◆ INSTRUCTIONS TO FOLLOW:
Restate the last part of the records below word for word, beginning at the line with "李森车载的手机支架,是磁吸式" and ending at the final line.

◆ Items from a data source:
####

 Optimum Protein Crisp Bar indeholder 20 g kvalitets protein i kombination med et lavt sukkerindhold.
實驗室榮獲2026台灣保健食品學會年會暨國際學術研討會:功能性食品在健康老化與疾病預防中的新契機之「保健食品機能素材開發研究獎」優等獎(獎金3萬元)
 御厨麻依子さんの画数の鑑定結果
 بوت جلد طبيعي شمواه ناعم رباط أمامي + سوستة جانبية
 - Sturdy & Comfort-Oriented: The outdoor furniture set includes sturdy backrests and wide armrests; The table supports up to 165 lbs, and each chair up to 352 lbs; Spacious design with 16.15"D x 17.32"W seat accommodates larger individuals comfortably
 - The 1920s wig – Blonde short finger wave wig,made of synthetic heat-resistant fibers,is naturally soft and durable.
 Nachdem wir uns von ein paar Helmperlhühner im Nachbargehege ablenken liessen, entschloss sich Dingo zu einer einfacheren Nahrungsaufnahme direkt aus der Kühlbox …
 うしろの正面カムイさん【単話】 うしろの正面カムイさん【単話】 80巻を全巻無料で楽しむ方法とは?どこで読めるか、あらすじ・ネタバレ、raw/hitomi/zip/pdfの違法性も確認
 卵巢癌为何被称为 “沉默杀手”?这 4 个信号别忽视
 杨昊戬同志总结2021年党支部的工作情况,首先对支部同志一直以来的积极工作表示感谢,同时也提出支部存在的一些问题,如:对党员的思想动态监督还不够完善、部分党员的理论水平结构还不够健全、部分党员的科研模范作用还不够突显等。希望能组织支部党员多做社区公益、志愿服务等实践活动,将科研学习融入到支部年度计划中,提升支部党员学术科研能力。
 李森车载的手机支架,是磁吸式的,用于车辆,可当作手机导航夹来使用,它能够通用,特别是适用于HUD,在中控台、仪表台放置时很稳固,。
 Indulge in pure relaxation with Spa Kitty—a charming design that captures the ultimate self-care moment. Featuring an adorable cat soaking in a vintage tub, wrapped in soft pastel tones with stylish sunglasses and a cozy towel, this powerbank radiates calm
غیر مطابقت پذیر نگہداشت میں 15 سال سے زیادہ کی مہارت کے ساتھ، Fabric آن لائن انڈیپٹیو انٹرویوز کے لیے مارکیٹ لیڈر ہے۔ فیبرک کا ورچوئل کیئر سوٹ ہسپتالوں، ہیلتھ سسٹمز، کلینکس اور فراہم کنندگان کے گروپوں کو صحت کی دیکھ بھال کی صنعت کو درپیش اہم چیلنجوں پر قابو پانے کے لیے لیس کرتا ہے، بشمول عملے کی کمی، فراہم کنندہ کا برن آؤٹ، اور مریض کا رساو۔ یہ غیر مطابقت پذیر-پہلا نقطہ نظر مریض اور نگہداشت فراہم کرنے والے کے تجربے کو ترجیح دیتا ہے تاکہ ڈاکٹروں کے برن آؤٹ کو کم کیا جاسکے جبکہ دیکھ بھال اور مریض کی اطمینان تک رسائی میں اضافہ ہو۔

####

◆ SOLUTION:
 李森车载的手机支架,是磁吸式的,用于车辆,可当作手机导航夹来使用,它能够通用,特别是适用于HUD,在中控台、仪表台放置时很稳固,。
 Indulge in pure relaxation with Spa Kitty—a charming design that captures the ultimate self-care moment. Featuring an adorable cat soaking in a vintage tub, wrapped in soft pastel tones with stylish sunglasses and a cozy towel, this powerbank radiates calm
غیر مطابقت پذیر نگہداشت میں 15 سال سے زیادہ کی مہارت کے ساتھ، Fabric آن لائن انڈیپٹیو انٹرویوز کے لیے مارکیٹ لیڈر ہے۔ فیبرک کا ورچوئل کیئر سوٹ ہسپتالوں، ہیلتھ سسٹمز، کلینکس اور فراہم کنندگان کے گروپوں کو صحت کی دیکھ بھال کی صنعت کو درپیش اہم چیلنجوں پر قابو پانے کے لیے لیس کرتا ہے، بشمول عملے کی کمی، فراہم کنندہ کا برن آؤٹ، اور مریض کا رساو۔ یہ غیر مطابقت پذیر-پہلا نقطہ نظر مریض اور نگہداشت فراہم کرنے والے کے تجربے کو ترجیح دیتا ہے تاکہ ڈاکٹروں کے برن آؤٹ کو کم کیا جاسکے جبکہ دیکھ بھال اور مریض کی اطمینان تک رسائی میں اضافہ ہو۔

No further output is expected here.